## TASK DESCRIPTION
Repeat exactly the lines of the listing from the line containing "キャットタワー 据え置き 猫タワー" through its last line, and nothing beyond them.

## PROVIDED MATERIAL

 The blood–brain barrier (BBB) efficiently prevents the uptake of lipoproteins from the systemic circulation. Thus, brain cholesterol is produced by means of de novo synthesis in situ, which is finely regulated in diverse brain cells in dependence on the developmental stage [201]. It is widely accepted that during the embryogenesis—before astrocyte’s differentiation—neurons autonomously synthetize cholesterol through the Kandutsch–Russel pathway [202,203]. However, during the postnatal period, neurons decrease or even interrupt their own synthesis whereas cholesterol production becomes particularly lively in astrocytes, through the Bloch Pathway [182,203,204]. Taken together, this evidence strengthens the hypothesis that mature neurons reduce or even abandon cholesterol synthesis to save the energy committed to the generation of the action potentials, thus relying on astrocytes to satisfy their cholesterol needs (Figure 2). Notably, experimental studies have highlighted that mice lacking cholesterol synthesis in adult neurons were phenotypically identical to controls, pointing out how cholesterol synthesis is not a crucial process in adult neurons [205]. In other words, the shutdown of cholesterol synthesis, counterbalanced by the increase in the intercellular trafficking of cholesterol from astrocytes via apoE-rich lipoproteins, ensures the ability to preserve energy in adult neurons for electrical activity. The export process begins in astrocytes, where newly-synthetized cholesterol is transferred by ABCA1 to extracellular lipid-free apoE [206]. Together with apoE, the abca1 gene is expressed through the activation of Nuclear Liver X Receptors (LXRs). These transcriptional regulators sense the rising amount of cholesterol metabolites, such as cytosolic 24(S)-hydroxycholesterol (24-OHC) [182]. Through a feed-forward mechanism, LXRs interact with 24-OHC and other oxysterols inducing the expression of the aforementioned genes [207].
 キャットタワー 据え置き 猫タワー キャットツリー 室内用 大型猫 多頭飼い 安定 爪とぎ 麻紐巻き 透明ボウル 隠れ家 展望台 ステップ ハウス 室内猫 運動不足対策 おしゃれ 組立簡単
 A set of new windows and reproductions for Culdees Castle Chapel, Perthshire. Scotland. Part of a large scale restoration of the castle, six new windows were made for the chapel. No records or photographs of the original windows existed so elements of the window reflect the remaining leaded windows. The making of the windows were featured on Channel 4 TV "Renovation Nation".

## EXERCISE OUTPUT
 キャットタワー 据え置き 猫タワー キャットツリー 室内用 大型猫 多頭飼い 安定 爪とぎ 麻紐巻き 透明ボウル 隠れ家 展望台 ステップ ハウス 室内猫 運動不足対策 おしゃれ 組立簡単
 A set of new windows and reproductions for Culdees Castle Chapel, Perthshire. Scotland. Part of a large scale restoration of the castle, six new windows were made for the chapel. No records or photographs of the original windows existed so elements of the window reflect the remaining leaded windows. The making of the windows were featured on Channel 4 TV "Renovation Nation".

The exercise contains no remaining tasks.